Dataset:
_ _ _
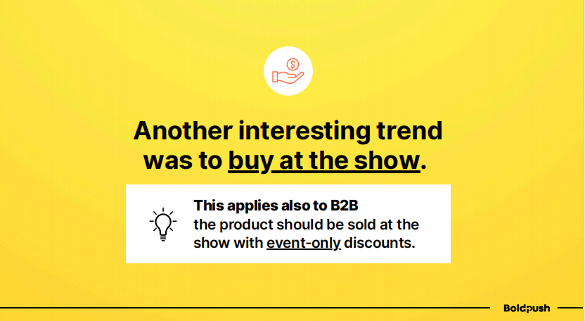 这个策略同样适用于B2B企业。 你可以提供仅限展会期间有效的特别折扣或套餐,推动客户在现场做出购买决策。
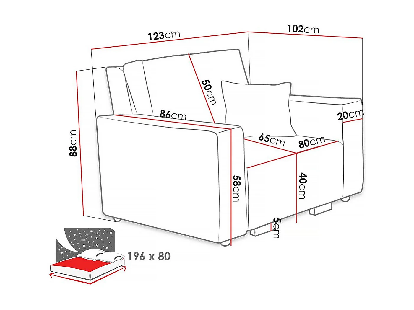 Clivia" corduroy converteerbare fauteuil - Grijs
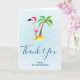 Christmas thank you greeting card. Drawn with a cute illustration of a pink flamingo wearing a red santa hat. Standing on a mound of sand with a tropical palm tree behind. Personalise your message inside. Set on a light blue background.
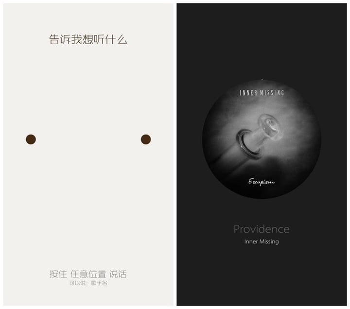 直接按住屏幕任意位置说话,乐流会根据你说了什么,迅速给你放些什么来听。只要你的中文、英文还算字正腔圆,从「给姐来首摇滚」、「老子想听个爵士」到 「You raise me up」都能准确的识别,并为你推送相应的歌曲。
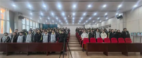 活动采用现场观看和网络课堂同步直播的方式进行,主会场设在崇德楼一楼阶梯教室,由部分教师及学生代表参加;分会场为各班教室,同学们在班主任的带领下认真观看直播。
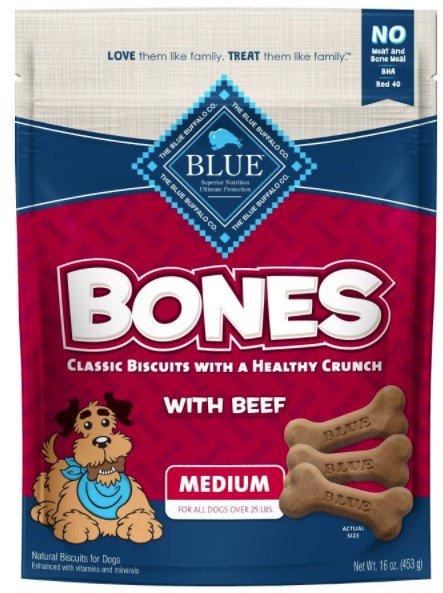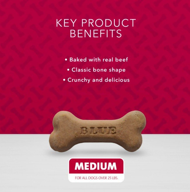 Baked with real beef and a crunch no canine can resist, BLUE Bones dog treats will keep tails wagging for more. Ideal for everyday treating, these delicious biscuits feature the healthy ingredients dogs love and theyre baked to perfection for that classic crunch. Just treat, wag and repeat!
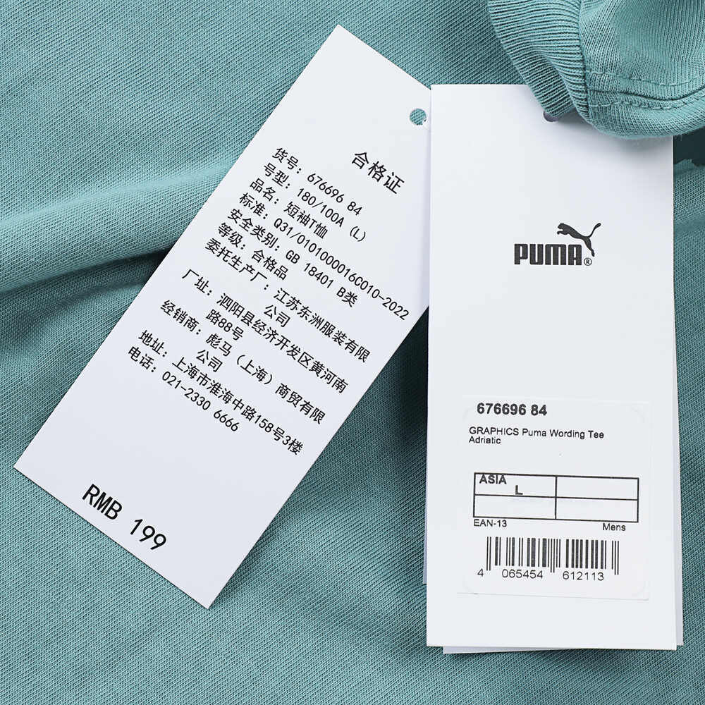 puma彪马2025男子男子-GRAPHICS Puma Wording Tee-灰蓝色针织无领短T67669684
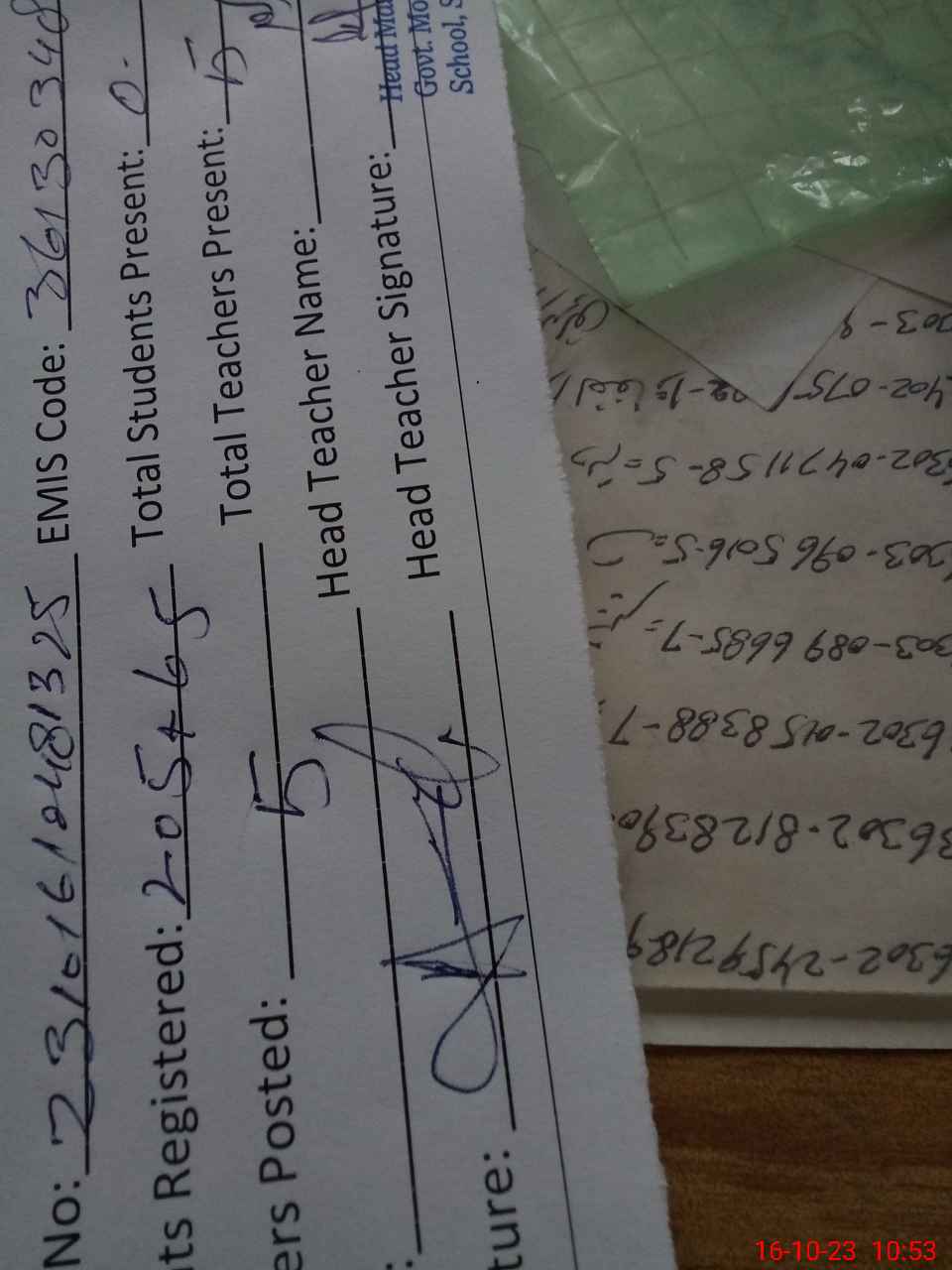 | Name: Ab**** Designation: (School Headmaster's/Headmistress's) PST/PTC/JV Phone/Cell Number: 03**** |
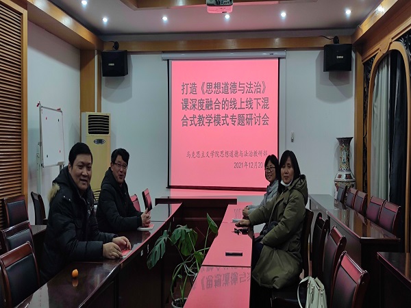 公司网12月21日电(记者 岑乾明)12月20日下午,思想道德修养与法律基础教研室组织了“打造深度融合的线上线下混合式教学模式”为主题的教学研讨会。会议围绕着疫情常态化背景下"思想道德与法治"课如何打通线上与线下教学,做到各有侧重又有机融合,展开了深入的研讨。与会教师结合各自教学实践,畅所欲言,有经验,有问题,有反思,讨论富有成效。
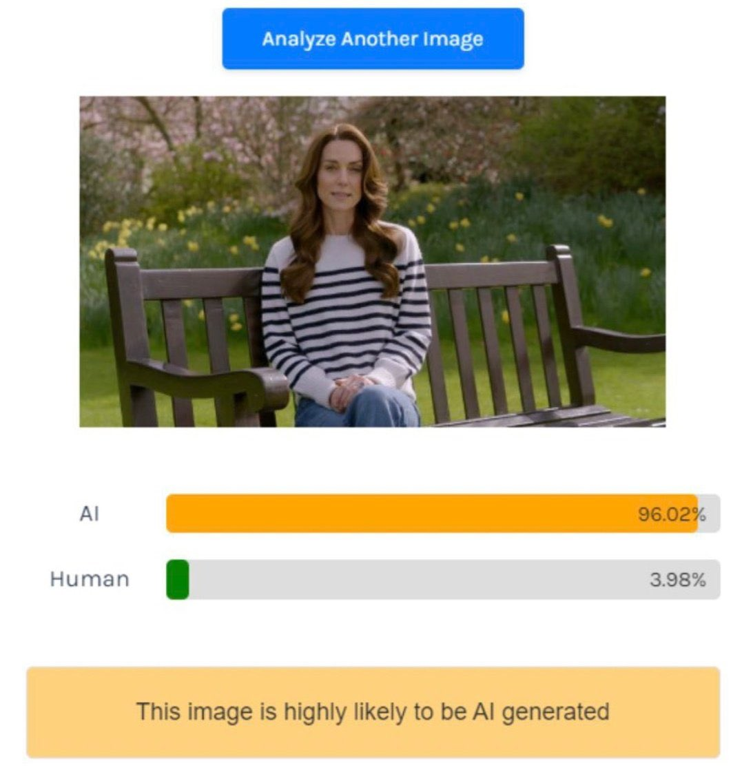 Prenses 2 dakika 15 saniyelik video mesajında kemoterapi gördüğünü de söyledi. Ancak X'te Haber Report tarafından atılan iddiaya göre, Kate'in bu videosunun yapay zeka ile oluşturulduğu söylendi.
_ _ _
Give the data above again, exactly, with every picture removed.

 这个策略同样适用于B2B企业。 你可以提供仅限展会期间有效的特别折扣或套餐,推动客户在现场做出购买决策。
 Clivia" corduroy converteerbare fauteuil - Grijs
 Christmas thank you greeting card. Drawn with a cute illustration of a pink flamingo wearing a red santa hat. Standing on a mound of sand with a tropical palm tree behind. Personalise your message inside. Set on a light blue background.
 直接按住屏幕任意位置说话,乐流会根据你说了什么,迅速给你放些什么来听。只要你的中文、英文还算字正腔圆,从「给姐来首摇滚」、「老子想听个爵士」到 「You raise me up」都能准确的识别,并为你推送相应的歌曲。
 活动采用现场观看和网络课堂同步直播的方式进行,主会场设在崇德楼一楼阶梯教室,由部分教师及学生代表参加;分会场为各班教室,同学们在班主任的带领下认真观看直播。
 Baked with real beef and a crunch no canine can resist, BLUE Bones dog treats will keep tails wagging for more. Ideal for everyday treating, these delicious biscuits feature the healthy ingredients dogs love and theyre baked to perfection for that classic crunch. Just treat, wag and repeat!
 puma彪马2025男子男子-GRAPHICS Puma Wording Tee-灰蓝色针织无领短T67669684
 | Name: Ab**** Designation: (School Headmaster's/Headmistress's) PST/PTC/JV Phone/Cell Number: 03**** |
 公司网12月21日电(记者 岑乾明)12月20日下午,思想道德修养与法律基础教研室组织了“打造深度融合的线上线下混合式教学模式”为主题的教学研讨会。会议围绕着疫情常态化背景下"思想道德与法治"课如何打通线上与线下教学,做到各有侧重又有机融合,展开了深入的研讨。与会教师结合各自教学实践,畅所欲言,有经验,有问题,有反思,讨论富有成效。
 Prenses 2 dakika 15 saniyelik video mesajında kemoterapi gördüğünü de söyledi. Ancak X'te Haber Report tarafından atılan iddiaya göre, Kate'in bu videosunun yapay zeka ile oluşturulduğu söylendi.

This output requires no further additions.